The Stats
Continents: 2
Days taken: 298
Cost: I really don’t want to know
Mileage:
Tierra del Fuego to Prudhoe Bay: 30403km unlike the 17,848km it says on the sign at the end of Ruta 3
Total trip distance: 40161km
Bike stats:
Punctures: None (I have to include this because Mike had three)
Tyres worn out: 5 (A bit of a sore point with Mike, he went through 10)
How many times did I actually change my own tyre: None (Mike, 3 puncture repairs, 3 of his own and 2 of mine – well I’d hardly want to break a fingernail now, would I!)
Oil used: too much
Clutch changes: 1 – And this was after being explicitly advised to ‘Whatever you do, look after your clutch!’
Chain broken: 2 (Both before I bought the tool to fix it)
Chain and sprocket changes: 3 (It took me 2 to learn how to look after them better)
Break downs: Um, no comment (Damn that carburettor and chain)
Bad accidents: 1
Times I dropped my bike: Um, several
Times my bike blew over: 4 (The wind was quite strong in some places)
Times I had to pick up my bike by myself: none mostly thanks to Mike and a little to the machismo of Latin America
Road kill tally (Seen but not created by us - except for Larry the Lamb of course):
- Dogs – hundreds
- Cats – not so many
- Lambs - 1
- Llamas – 12
- Horses – strangely, at least 9
- People – 1
- Unidentifiable – numerous
Best riding days:
- Riding Ruta 39 crossing from Argentina to the Caraterra Austral, Chile.

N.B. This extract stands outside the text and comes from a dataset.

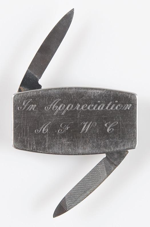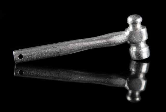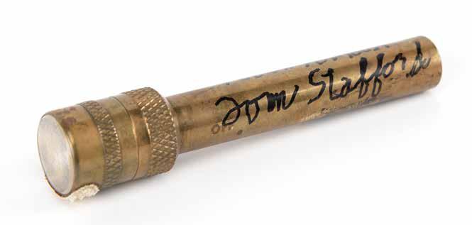 Miniature Aluminum Hammer - From the Personal Collection of Gordon Cooper. Flown miniature aluminum hammer carried on the Mercury-Atlas 9 by Gordon Cooper, measuring 2˝ long and weighing a mere 3 grams, intended to be used to break any malfunctioning status lights aboard the Faith 7 spacecraft. In fine condition. Accompanied by a handwritten and signed provenance note from Gordon Cooper, in full: “This hammer was installed on the #1 Relay Switch of MA9 to break out any malfunctioning status lites. Flown on MA9—15–16 May 63.”
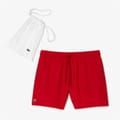 Enhance your collection with these Lacoste Swim Shorts. Constructed with an elasticated waistband and drawstring adjustment for a classic look. These shorts boast a simple design and are then completed with the Lacoste signature logo to complete the look and add that designer element. Pouch Bag available while stocks last. -

- Feeling like Che Guvera on the road from Uyuni to Potosi in Boliva. (Although no plans to start a revolution)
- Riding the Dalton Highway back down from Prudhoe Bay (although this was technically at night time).
Strange how all of these were dirt roads, and I supposedly hated riding on dirt roads.
Best moments:
- Uncrating our bikes in Buenos Aires.
- Being served breakfast in bed or rather, in our sleeping bags in our tent, by the hostel owner in Hotel Argentino, Rio Grande. (It’s the little things)
- Reaching the ‘road’ after two days of riding through a gravel pit that is the south west of Bolivia.
- Reaching Deadhorse, Alaska in one piece. Job done.
Worst days:
- Having to ride bruised and battered, on Ruta 40, in the wind, after my accident.
- Waiting 4 weeks for a god damn boat from Colombia to Panama, only to spend the first two days very seasick.
- Saying goodbye to Mike in Vancouver.
- Leaving my bike at the warehouse in Vancouver.
Lessons learnt:
- In the thinking of Karl Bushby, (The Goliath Expedition http://blog.goliath.mail2web.com/ ) ‘For every one person that will do their best to disrupt your day, there are thousands of complete strangers that will go out of their way to make it better.’
- Nothing is ever as difficult as you’d imagined it to be.
- Never take no for an answer – Unless of course that’s what you want the answer to be! i.e. Do you think it will rain today?
And on a final note:
NO, the inspiration for this trip was NOT ‘The Long Way Round’ or ‘The Motorcycle Diaries’ but rather my own lust for travel and ‘Jupiter’s Travels’ by Ted Simon.